I can not for the life of me figure out how to remove an image file at the top of each article of this newspaper. The image file has "Share - Larger Text - Smaller Text - Print" at the top of each article, pushing the main picture off to the next page and leaving the current page mostly blank. Any advice on how I get rid of that image? It seems to be embedded in code I can't seem to get at.

import string, re

class AdvancedUserRecipe1252944207(BasicNewsRecipe):
title = u'Telegram & Gazette'
oldest_article = 1
max_articles_per_feed = 50
timefmt = ''
no_stylesheets = True

keep_only_tags = [dict(id=['frontpage_section', 'articleWell', 'headline', 'subheadline', 'SuperHeading', 'byline', 'articleBody', 'zoom1'])]
remove_tags = [dict(id=['factBoxes'])]
preprocess_regexps = [(re.compile(r'.*?<p>', re.DOTALL|re.IGNORECASE), lambda match: '')]
preprocess_regexps = [(re.compile(r'<div class="verdana11">.*?', re.DOTALL|re.IGNORECASE), lambda match: '')]
encoding = 'cp1252'
remove_tags_after = [dict(id='leaderboardBot')]

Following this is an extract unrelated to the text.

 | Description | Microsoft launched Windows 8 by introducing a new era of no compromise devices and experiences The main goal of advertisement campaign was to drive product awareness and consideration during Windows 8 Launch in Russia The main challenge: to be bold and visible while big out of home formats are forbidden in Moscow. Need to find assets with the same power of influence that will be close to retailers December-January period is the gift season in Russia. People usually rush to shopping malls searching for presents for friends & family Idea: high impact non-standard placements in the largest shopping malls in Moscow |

feeds = [(u'Front Page News', u'http://www.telegram.com/apps/pbcs.dll/section?Category=RSS03&MIME=xml'),
(u'World & Regional', u'http://www.telegram.com/apps/pbcs.dll/section?Category=rss01&MIME=xml&profile=1052'),
(u'Living', u' http://www.telegram.com/apps/pbcs.dl...l&profile=1011'),
(u'Local News', u' http://www.telegram.com/apps/pbcs.dl...l&profile=1101'),
(u'Business', u'http://www.telegram.com/apps/pbcs.dll/section?Category=rss01&MIME=xml&profile=1002'),
(u'Opinion', u'http://www.telegram.com/apps/pbcs.dll/section?Category=rss01&MIME=xml&profile=1017'),
(u'Deaths', u'http://www.telegram.com/apps/pbcs.dll/section?Category=rss01&MIME=xml&profile=1001'),
(u'As I See It', u'http://www.telegram.com/apps/pbcs.dll/section?Category=rss01&MIME=xml&profile=1054')]

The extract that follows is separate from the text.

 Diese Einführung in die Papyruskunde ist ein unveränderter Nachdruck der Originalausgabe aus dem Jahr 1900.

Starson17 · 03-28-2010, 01:32 PM

Quote:

Originally Posted by olaf

I can not for the life of me figure out how to remove an image file at the top of each article of this newspaper. The image file has "Share - Larger Text - Smaller Text - Print" at the top of each article, pushing the main picture off to the next page and leaving the current page mostly blank.

Try this:
remove_tags = [dict(name='div', attrs={'id':'article_tools'})]

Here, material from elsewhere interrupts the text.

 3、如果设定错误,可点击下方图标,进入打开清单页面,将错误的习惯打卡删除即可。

Semonski · 03-28-2010, 01:53 PM

Thank you so much..... I'm trying it out now.....

Kos

Quote:

Originally Posted by kiklop74

New recipe for New York Post:

kiklop74 · 03-28-2010, 04:26 PM

Quote:

Originally Posted by Semonski

Thank you so much..... I'm trying it out now.....

Kos

Your recipe is too complicated. This is simplified and cleaned-up version (add more feeds, this is just example):

Code:

class Telegram(BasicNewsRecipe):
    title                 = 'Telegram'
    oldest_article        = 2
    max_articles_per_feed = 100
    no_stylesheets        = False
    use_embedded_content  = False
    encoding              = 'cp1252'
    publication_type      = 'newspaper'
    remove_empty_feeds    = True
    extra_css             = ' body{font-family: Verdana,sans-serif} .headline{font-size: xx-large; font-weight: bold} .mainPhotoCaption{font-size: x-small} '

    keep_only_tags     = [dict(name='div', attrs={'id':'articleWell'})]
    remove_tags_before = dict(attrs={'class':'headline'})
    remove_tags_after  = dict(attrs={'id':'zoom1'})
    remove_tags = [
                     dict(name='div', attrs={'class':'relatedContent'})
                    ,dict(name=['object','link','iframe'])
                  ]

    feeds          = [ 
                        (u'Front page' , u'http://www.telegram.com/apps/pbcs.dll/section?Category=RSS03&MIME=xml')
                     ]

    def preprocess_html(self, soup):
        return self.adeify_images(soup)

gambarini · 03-28-2010, 07:49 PM

The Apple Lounge an italian apple blog.

Any suggestion?

from calibre.ebooks.BeautifulSoup import BeautifulSoup
from calibre.web.feeds.news import BasicNewsRecipe
class Informatica(BasicNewsRecipe):
title = u'Informatica'
__author__ = 'Gabriele Marini'
oldest_article = 15
max_articles_per_feed = 100
use_embedded_content = False
remove_tags_after = dict(name='div', attrs={'id':'greet_block'})
no_stylesheets = True
feeds = [(u'The Apple Lounge', u'http://feeds.feedburner.com/Theapplelounge?format=xml')]
def print_version(self, url):
raw = self.browser.open(url).read()
soup = BeautifulSoup(raw.decode('utf8', 'replace'))
print_link = soup.find('a', {'title':'Stampa questo articolo'})
if print_link is None:
return url
return print_link['href']

kiklop74 · 03-28-2010, 09:25 PM

Quote:

Originally Posted by gambarini

The Apple Lounge an italian apple blog.

Any suggestion?

You are complicating too much. Calibre already extracts appropriate link from the feed (feedburner:Origlink). You just need to add the part for printing which is 'print/'. So the correct code would be:

Code:

def print_version(self, url):
     return url + 'print/'

Starson17 · 03-29-2010, 10:43 AM

Quote:

Originally Posted by MichaelMSeattle

I've tried running the GoComics reversed recipe for only about 5 comics/7 days. When I run it, it first seems to hang

Over the weekend I ran all comics of the GoComics.com recipe at size 1200 and 4 strips from each. I have the 200+ comics available broken up into four groups (four recipes) A-F, G-M, N-Z and Editorial comics. They all ran fine. However, I ran them at 8 hour intervals, not in sequence, and I set the delay option to 2 and the simultaneous connections option to 1 to minimize server load. I have seen occasional failures in the past that may be related to server load or anti-scraping tools on their server.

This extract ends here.